# EXERCISE PROMPT
Begin at the line containing "desenvolvimento de São Paulo" in the data below and go on through the line containing "Deze keuken is", repeating each line exactly; include both ends and no other line.

START INFORMATION

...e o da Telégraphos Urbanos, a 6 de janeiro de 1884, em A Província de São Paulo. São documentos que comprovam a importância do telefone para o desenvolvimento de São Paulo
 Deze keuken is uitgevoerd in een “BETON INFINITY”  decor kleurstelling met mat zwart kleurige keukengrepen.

END INFORMATION
START INFORMATION

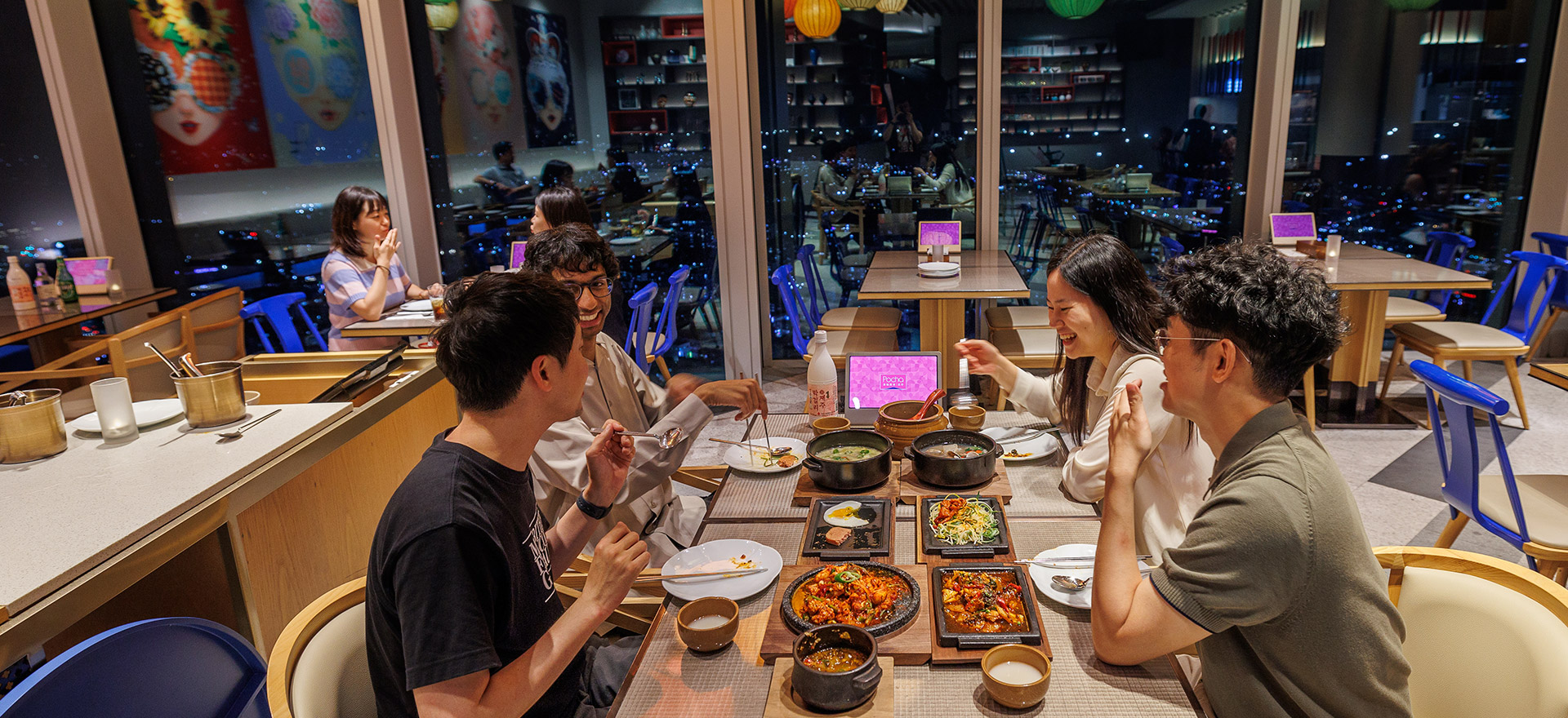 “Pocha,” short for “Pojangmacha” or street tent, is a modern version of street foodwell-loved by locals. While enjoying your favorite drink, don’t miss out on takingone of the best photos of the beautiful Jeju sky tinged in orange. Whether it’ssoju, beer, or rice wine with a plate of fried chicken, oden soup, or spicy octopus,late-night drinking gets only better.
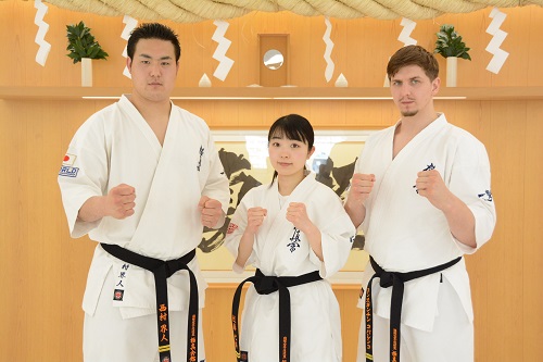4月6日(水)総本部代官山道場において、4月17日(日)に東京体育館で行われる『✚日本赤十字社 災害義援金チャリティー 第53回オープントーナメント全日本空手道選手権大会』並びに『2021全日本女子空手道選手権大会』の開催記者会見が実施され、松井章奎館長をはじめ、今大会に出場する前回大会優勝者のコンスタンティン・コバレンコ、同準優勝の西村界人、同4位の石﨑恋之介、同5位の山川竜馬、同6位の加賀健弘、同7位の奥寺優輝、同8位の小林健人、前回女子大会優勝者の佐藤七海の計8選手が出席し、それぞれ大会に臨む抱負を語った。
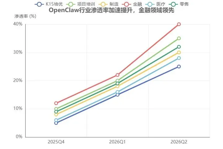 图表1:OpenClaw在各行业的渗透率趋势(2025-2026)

END INFORMATION

# REPLY
...e o da Telégraphos Urbanos, a 6 de janeiro de 1884, em A Província de São Paulo. São documentos que comprovam a importância do telefone para o desenvolvimento de São Paulo
 Deze keuken is uitgevoerd in een “BETON INFINITY”  decor kleurstelling met mat zwart kleurige keukengrepen.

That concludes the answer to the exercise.